[llvm-commits] [llvm] r169152 - /llvm/trunk/lib/Transforms/Vectorize/LoopVectorize.cpp
Nadav Rotem
nrotem at apple.com
Mon Dec 3 13:06:35 PST 2012
Author: nadav
Date: Mon Dec 3 15:06:35 2012
New Revision: 169152
URL: http://llvm.org/viewvc/llvm-project?rev=169152&view=rev
Log:
Add initial support for IF-conversion. This patch implements the first 1/3,
which is the legality of the if-conversion transformation. The next step is to
implement the cost-model for the if-converted code as well as the
vectorization itself.
Modified:
llvm/trunk/lib/Transforms/Vectorize/LoopVectorize.cpp
Modified: llvm/trunk/lib/Transforms/Vectorize/LoopVectorize.cpp
URL: http://llvm.org/viewvc/llvm-project/llvm/trunk/lib/Transforms/Vectorize/LoopVectorize.cpp?rev=169152&r1=169151&r2=169152&view=diff
==============================================================================
--- llvm/trunk/lib/Transforms/Vectorize/LoopVectorize.cpp (original)
+++ llvm/trunk/lib/Transforms/Vectorize/LoopVectorize.cpp Mon Dec 3 15:06:35 2012
@@ -80,6 +80,10 @@
VectorizationFactor("force-vector-width", cl::init(0), cl::Hidden,
cl::desc("Set the default vectorization width.

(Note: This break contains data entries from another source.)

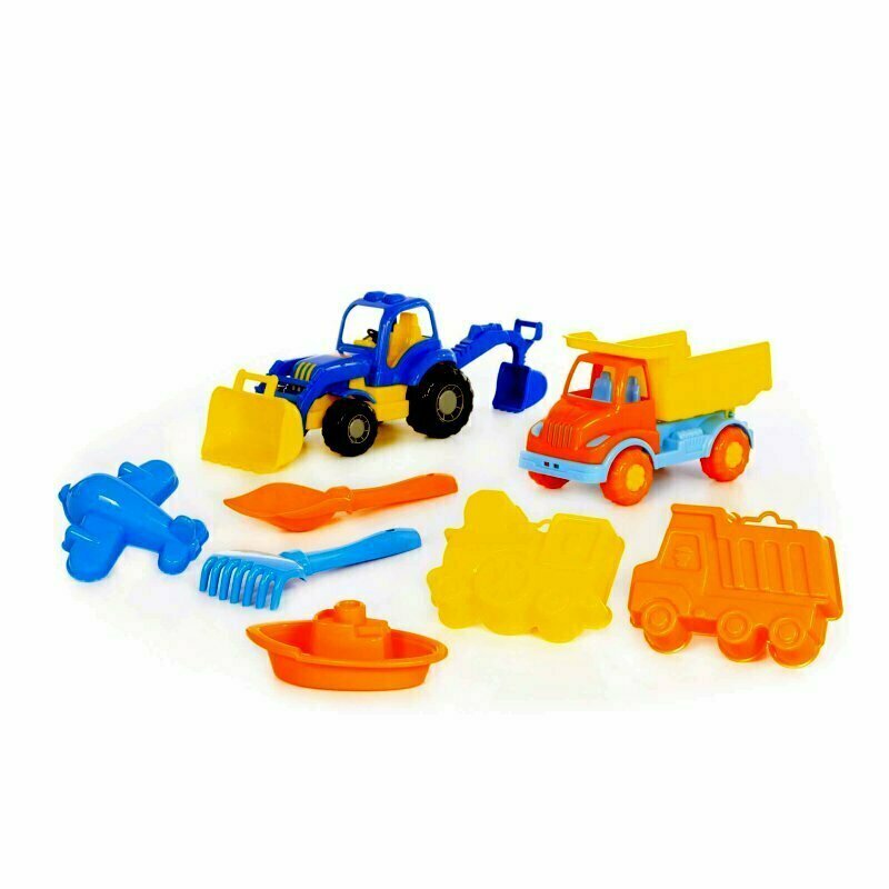 Polesie 81414 Zestaw do piasku Nr631 w plecaku z traktorem-koparką Leon
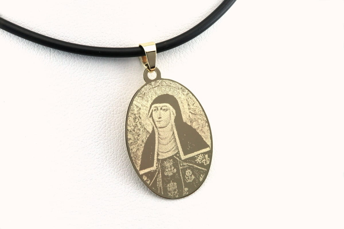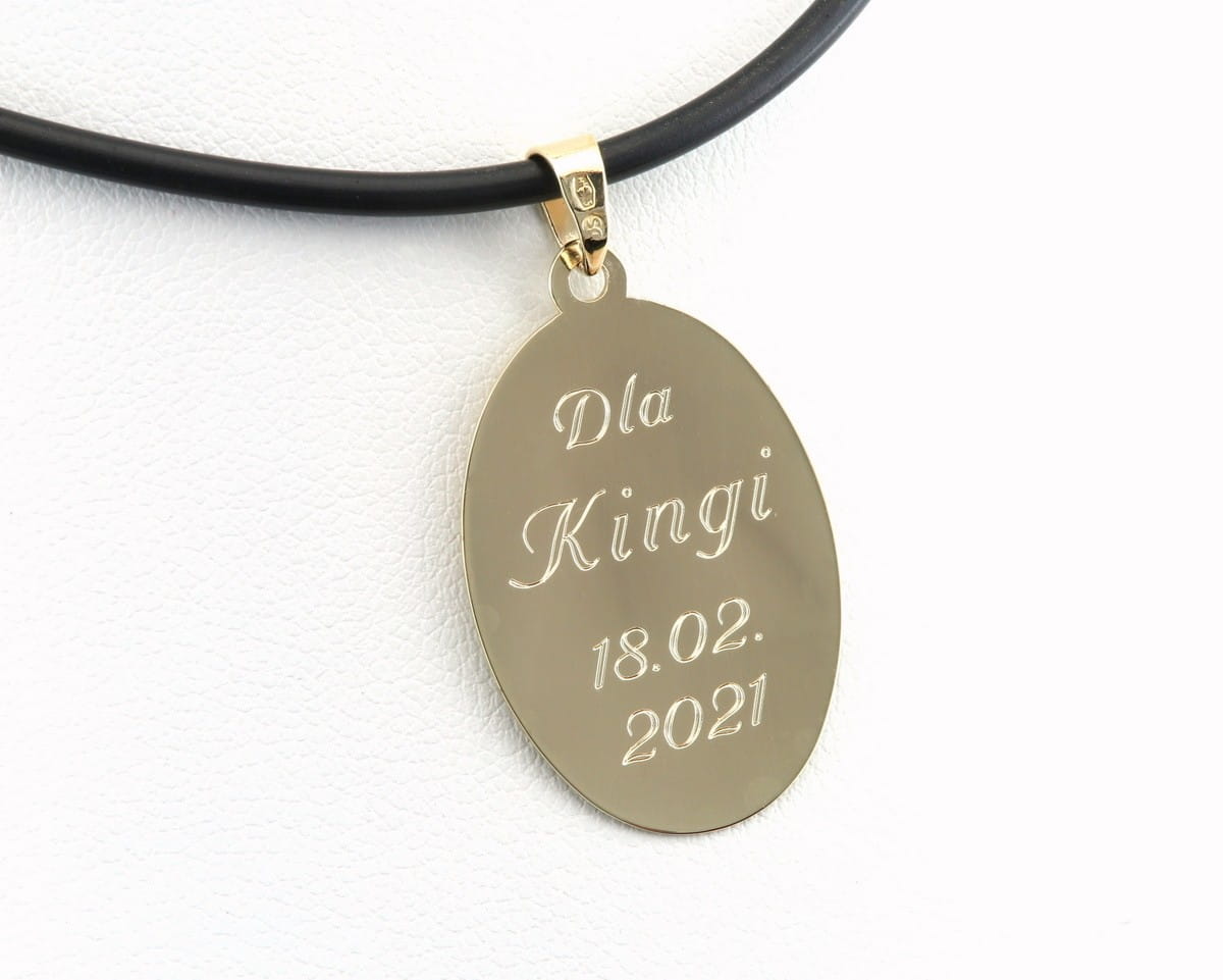 Na życzenie klienta wykonaliśmy owalny medalik z podobizną Św. Kingi. Niewielki owal wykonaliśmy ze złotego arkusza o próbie 585. Na froncie wygrawerowaliśmy podobiznę Świętej, plecy natomiast opatrzono okolicznościową dedykacją. Przelotka dopasowana została tak, aby pasowała do większości standardowych łańcuszków.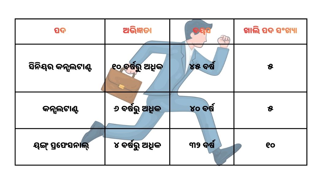 ଅଷ୍ଟମ ବେତନ କମିଶନଙ୍କ ପକ୍ଷରୁ ସିନିୟର କନ୍ସଲଟାଣ୍ଟ, କନ୍ସଲଟାଣ୍ଟ ଏବଂ ୟଙ୍ଗ୍ ପ୍ରଫେସନାଲ୍ ପଦରେ ନିଯୁକ୍ତି ଦିଆଯାଉଛି । ସିନିୟର କନ୍ସଲଟାଣ୍ଟ ଲାଗି ୧୦ ବର୍ଷର ଅଭିଜ୍ଞତା ସହ ସର୍ବାଧିକ ବୟସ ସୀମା ୪୫ ବର୍ଷ ରହିଛି । ସେହିଭଳି କନ୍ସଲଟାଣ୍ଟ ପଦ ଲାଗି ୬ ବର୍ଷ ଅଭିଜ୍ଞତା ଓ ସର୍ବାଧିକ ବୟସ ୪୦ ଏବଂ ୟଙ୍ଗ୍ ପ୍ରଫେସନାଲଙ୍କ ଲାଗି ୪ ବର୍ଷର ଅଭିଜ୍ଞତା ଓ ସର୍ବାଧିକ ବୟସ ୩୨ ବର୍ଷ ରଖା ଯାଇଛି ।

Zero is autoselect."));
+static cl::opt<bool>
+EnableIfConversion("enable-if-conversion", cl::init(false), cl::Hidden,
+ cl::desc("Enable if-conversion during vectorization."));
+
/// We don't vectorize loops with a known constant trip count below this number.
const unsigned TinyTripCountThreshold = 16;
@@ -219,16 +223,17 @@
/// * Memory checks - The code in canVectorizeMemory checks if vectorization
/// will change the order of memory accesses in a way that will change the
/// correctness of the program.
-/// * Scalars checks - The code in canVectorizeBlock checks for a number
-/// of different conditions, such as the availability of a single induction
-/// variable, that all types are supported and vectorize-able, etc.
-/// This code reflects the capabilities of SingleBlockLoopVectorizer.
+/// * Scalars checks - The code in canVectorizeInstrs and canVectorizeMemory
+/// checks for a number of different conditions, such as the availability of a
+/// single induction variable, that all types are supported and vectorize-able,
+/// etc. This code reflects the capabilities of SingleBlockLoopVectorizer.
/// This class is also used by SingleBlockLoopVectorizer for identifying
/// induction variable and the different reduction variables.
class LoopVectorizationLegality {
public:
- LoopVectorizationLegality(Loop *Lp, ScalarEvolution *Se, DataLayout *Dl):
- TheLoop(Lp), SE(Se), DL(Dl), Induction(0) { }
+ LoopVectorizationLegality(Loop *Lp, ScalarEvolution *Se, DataLayout *Dl,
+ DominatorTree *Dt):
+ TheLoop(Lp), SE(Se), DL(Dl), DT(Dt), Induction(0) { }
/// This represents the kinds of reductions that we support.
enum ReductionKind {
@@ -277,7 +282,7 @@
const SCEV *Sc = SE->getSCEV(Ptr);
const SCEVAddRecExpr *AR = dyn_cast<SCEVAddRecExpr>(Sc);
assert(AR && "Invalid addrec expression");
- const SCEV *Ex = SE->getExitCount(Lp, Lp->getHeader());
+ const SCEV *Ex = SE->getExitCount(Lp, Lp->getLoopLatch());
const SCEV *ScEnd = AR->evaluateAtIteration(Ex, *SE);
Pointers.push_back(Ptr);
Starts.push_back(AR->getStart());
@@ -334,13 +339,28 @@
/// Check if a single basic block loop is vectorizable.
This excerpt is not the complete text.